И нажал кнопку магнитофона.
Юсиф Самедоглу (1935–1998)
ВЕСНОЙ В ЖЕМЧУЖНОМ ОВРАГЕ
© Перевод Г. Кахраманова
Руководитель реанимационной бригады сидел в тенистом уголке двора и вытирал с лица обильный — словно после бани — пот. И дыхание он переводил с трудом, как после парной.
«Поди ж нелегкое это дело — человека из мертвых воскрешать», — подумала тетушка Саялы, с благоговением и суеверным ужасом поглядывая из-за бревенчатого строения на толстого краснолицего доктора в очках, обмахивающегося платком. Она ни на минуту не забывала, что сообщил ей сельский фельдшер — врач этот, что так некрасиво и обыденно потел и отдувался недалеко от старухи, приехал из Баку, чтобы оживить свояченицу Салахова, которая в машине опрокинулась в кювет и была на волосок от смерти. Да что там на волосок! Девушка была мертва, да, да, по-настоящему мертва, мертвее не бывает. Понятно? И вот этот загадочный, таинственный врач… да! Ведь сельский фельдшер еще вот что говорил: он самый главный во всем Баку из тех врачей, кто оживляет мертвых. Так-то! И он, значит, приехал, чтобы… Будь благословен Аллах!.. Что творится-то, а? Конечно, и Салахов человек не маленький. Его знают во всех окрестных селах и в самом райцентре, даже в Баку знают. Но вот как-то так произошло, что свояченица такого уважаемого человека села в машину какого-то типа, и тот тип уж и старался, так выкобенивался перед нею, гнал машину как сумасшедший, а ехали они к роднику, на так называемый интимный пикничок.

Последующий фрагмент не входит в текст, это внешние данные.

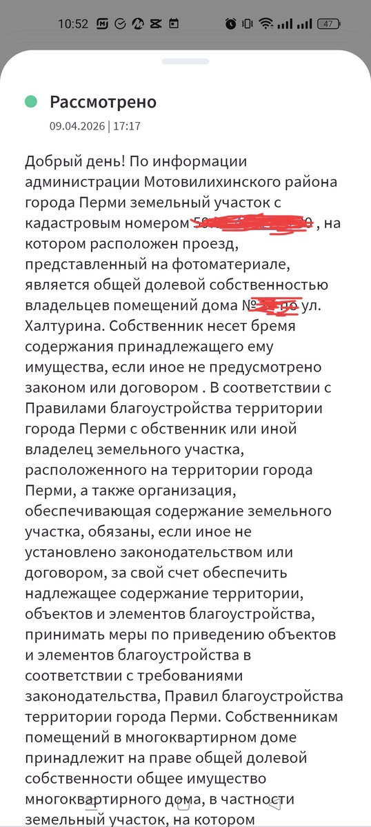 Друзья, ниже прикрепил скрины ответа на обращение, с данным ответом не согласен так как не уверен принадлежит ли данная дорога управляющей компании , это необходимо будет проверить. Когда выясню все детали, дополнительно отпишусь, пока читайте ответ администрации и пишите комментарии что думаете по этому вопросу.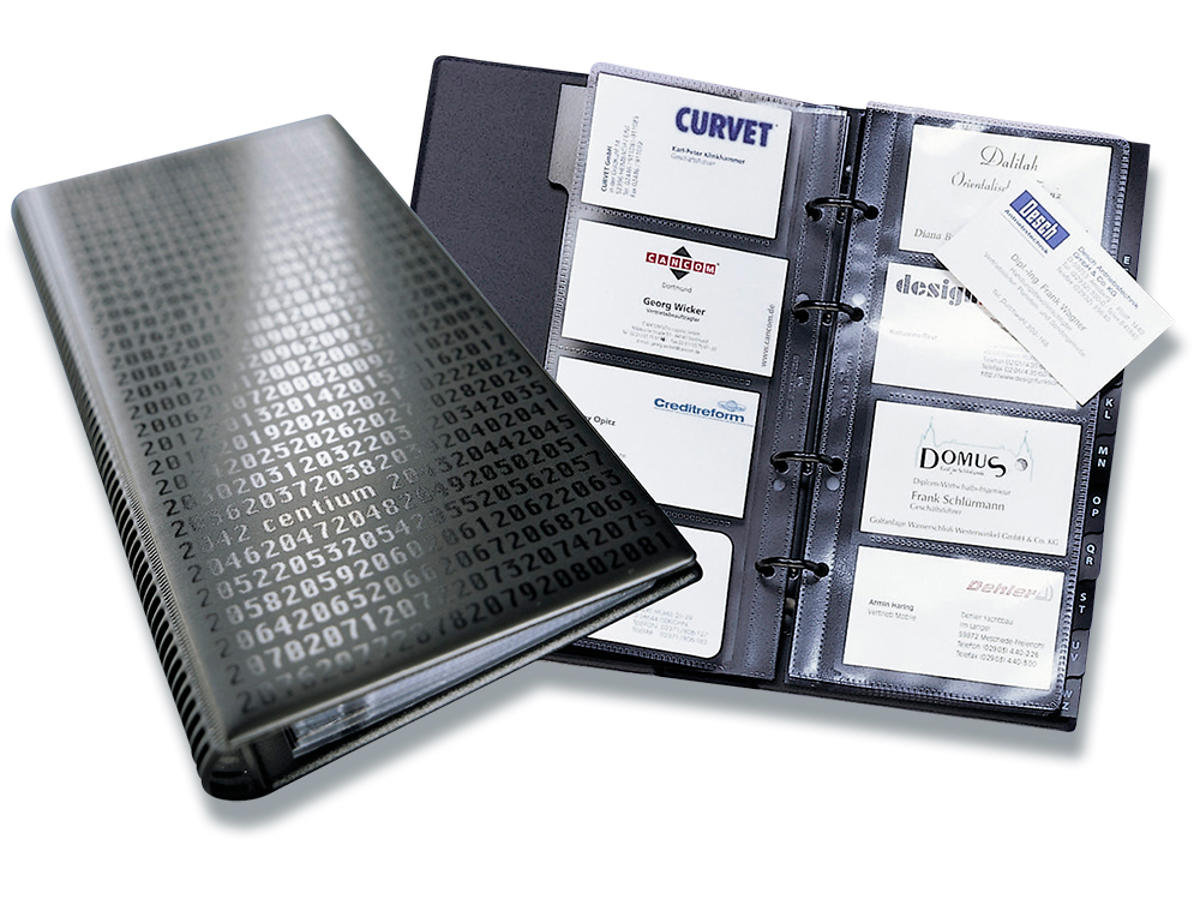 Visitkortmappe med ringmekanisme. Leveres med 25 transparente visitkort lommer i pp med plads til 200 stk. visitkort i format 90x57mm. Kan udvides med 10 lommer med plads til 80 stk. kort (Durable art nr 2387-19). 12 delt indexfaner A-Z. Mål: HxB 255x145mm.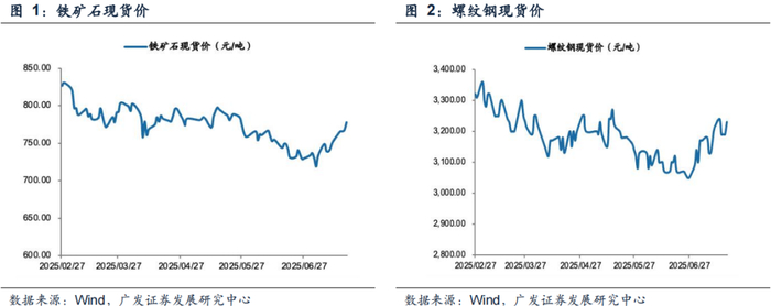 截至7月18日,铁矿石现货价为778.00元/吨,周环比上行,截至7月17日,螺纹钢(HRB400,20mm)价格为3230.00元/吨,周环比上行。截至7月11日,高炉开工率83.13%,周环比下行。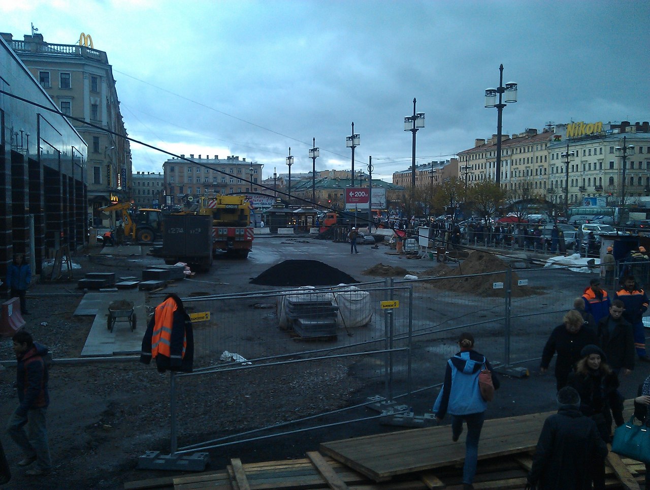 А ведь никто и не говорит, что над совмещёнными вестибюлями «Спасской» и «Сенной площади» будет восстановлено снесённое в 1960-х годах здание или какая-либо более ранняя постройка. А будет построено просто что-то «под старину». Конечно, исторический центр Петербурга – это не место для архитектурных экспериментов (хотя кто-то ведь разрешил построить того «уродца» над «Достоевской»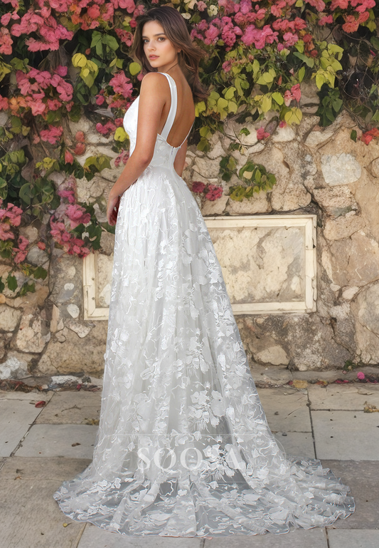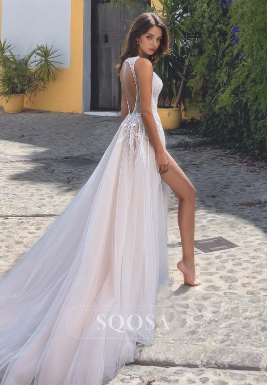A-Line V-Neck Sleeveless Lace Beach Wedding Dress High Slit with Train Boho Wedding Dress

Вот и опрокинулись в овраг. О том, куда, зачем, с кем ехала свояченица Салахова, в селе говорилось шепотом — все-таки родственница такого человека, не годится кричать об этом на каждом углу. А фельдшер — прибрал бы его Господь, прости господи, может, на небе на что и сгодится, ни богу свечка, ни черту кочерга, ни в животине, ни в людях не разбирается, олух! Хорошо хоть догадались позвонить в Баку, чтобы приехал этот толстый, в очках, не то не дожила бы бедняжка до утра. Помоги нам, Аллах, помоги и им всем, всех жалко, все дети человеческие, и Салахову помоги, и его свояченице, и доктору, главному из тех, кто мертвых оживляет, всем помоги…
Тетушка Саялы с автафой в руке спустилась во двор к нужнику, когда только начинало светать. И тут она услышала прямо над головой гул, подняла голову — и высоко в небе увидела вертолет серой стрекозой в предутреннем тумане.
Потом узнала у соседей — на том вертолете прибыл доктор. И фельдшер говорит, не какой-нибудь там простой доктор, а самый что ни на есть оживляющий мертвых. Тетушка Саялы была и обрадована этим известием, и напугана одновременно. Что же это такое? Оживляет мертвых, то есть… вопреки воле Всевышнего. Не понравится такое Господу. Спаси и помилуй, все мы несмышленые дети твои, Господи! С другой стороны — ведь жалко девушку, эта самая свояченица Салахова такая раскрасавица, да такая хорошенькая, пригоженькая, да такая статная — глаз не оторвешь. Аллаху не могло понравиться и то, что умирает такая молодая, и без нее на земле уж достаточно было смертей и крови, сколько молодых жизней было загублено. И еще тетушка Саялы радовалась тому, что, может, наконец-то… Но нет, не нужно вслух, она суеверна, вдруг скажешь — и не удастся… Но вот уже полгода лежит старик дома и тает день ото дня, желтеет, худеет, смотреть нельзя без боли сердечной… А этот олух фельдшер… Да что там… Если кто и поможет мужу, то разве что только такой солидный, уважаемый доктор из самого Баку. Торопливо собралась тетушка Саялы и направилась прямиком в фельдшерский пункт, может, эти врачи из Баку выпишут какие-нибудь лекарства или там уколы ее старику.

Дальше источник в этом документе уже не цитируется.